Le 1er mai a été l'occasion de manifestations dans le monde entier avec un caractère plus ou moins inventif.
Danielle Tartakowsky, historienne, professeur à l'université Paris-VIII, nous livre ses réflexions sur le sens des manifestations. Quelques exemples historiques.
C'est à l'occasion des manifestations de masse de mai 1966 et mai 1967 que l'inventivité resurgit avec force, avec des personnages en carton, des slogans en forme de clin d'oeil et des chansons détournées comme "les Cactus" de Jacques Dutronc. dès les années 1970, d'autre part, les organisations syndicales ont pris conscience de l'importance de la médiatisation. D'où les couleurs distinctes des confédérations, les gros ballons que l'on peut voir à la télévision.

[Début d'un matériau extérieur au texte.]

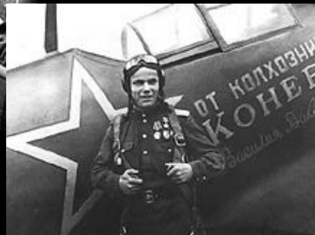
И. Кожедуб в годы войны

Трижды герои Советского Союза – лётчики Александр Покрышкин и Иван Кожедуб.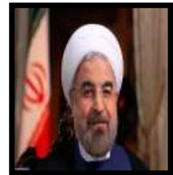
ریاست محترم جمهوری

وفاق و هماهنگی همه مسئولان نظام برای خدمت رسانی به مردم و توسعه کشور ضروری است.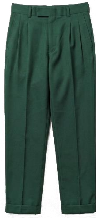
SURUALI YA SHULE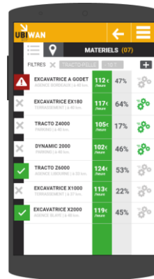
Gestion de parc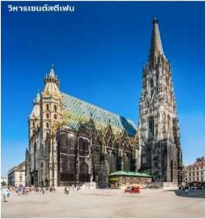
วิหารเซนต์สตีเฟน

นำท่านเดินทางสู่ ย่านถนนคาร์นทีเนอร์ ถนนใจกลางกรุงเวียนนา ถนนสายนี้เป็นถนนการ ค้าใจกลางเมืองที่เชื่อมระหว่างถนนวงแหวนริงส ตราเซกับจัตุรัสสเตฟาน ท่านจะได้พบกับโรงละคร หรือโอเปร่าเฮาส์

Cela va de pair avec un phénomène de vieillissement des symboles, accentué dans les années 1980 pour des raisons politiques et esthétiques. Le rapport à "l'Internationale", au drapeau rouge, devient complexe. La CGT bascule du drapeau rouge au "chiffon rouge". Aujourd'hui, cette forte inventivité des individus est une forme d'entrée active dans la manifestation. C'est l'entrée en politique d'individus qui n'ont pas forcément de culture en la matière. Peut-être cela révèle-t-il un rapport faible à l'organisation et à son histoire. Mais on peut y voir aussi l'indice d'un renouvellement des forces militantes. Cette inventivité fait école et ceux qui ont une culture manifestante se l'approprient également.
Au cours des dernières années, deux manifestations avaient fait l'objet d'une irruption massive de l'inventivité. Celle du 16 janvier 1994 contre la révision de la loi Falloux (pour défendre le financement de l'école publique), où l'on avait vu une multiplication de petites pancartes - sur le thème "Touche pas à mon école" - faites à la maison après une réflexion en famille et la grande manifestation anti-Le Pen du 1er mai 2002. Dans les deux cas, ces mobilisations faisaient appel à l'individu dans son rapport à la République et à ses valeurs. Ce qui a contribué à ouvrir des espaces de liberté.
Nous sommes aujourd'hui dans un onde très médiatisé. Les organisations syndicales en ont pris conscience. Mais les manifestants aussi. Chacun est conscient de l'image qu'il construit et cherche à être pris en photo. On a, de plus, affaire à un gouvernement qui a le sens de la formule provocatrice et ouvre de ce fait des boulevards aux manifestants. Le 29 janvier et le 19 mars, il y avait beaucoup de créativité et de diversité, mais avec deux fils directeurs créés par le gouvernement lui-même. Si la plate-forme commune des confédérations était politique, au sens large du terme, en avançant des revendications sur l'emploi, les salaires, les services publics..., à l'inverse, toutes les mises en scène individuelles étaient très largement centrées sur les individus au pouvoir et leurs formules provocatrices. Peut-être faut-il y voir aussi le signe d'une génération très marquée par "les Guignols de l'info".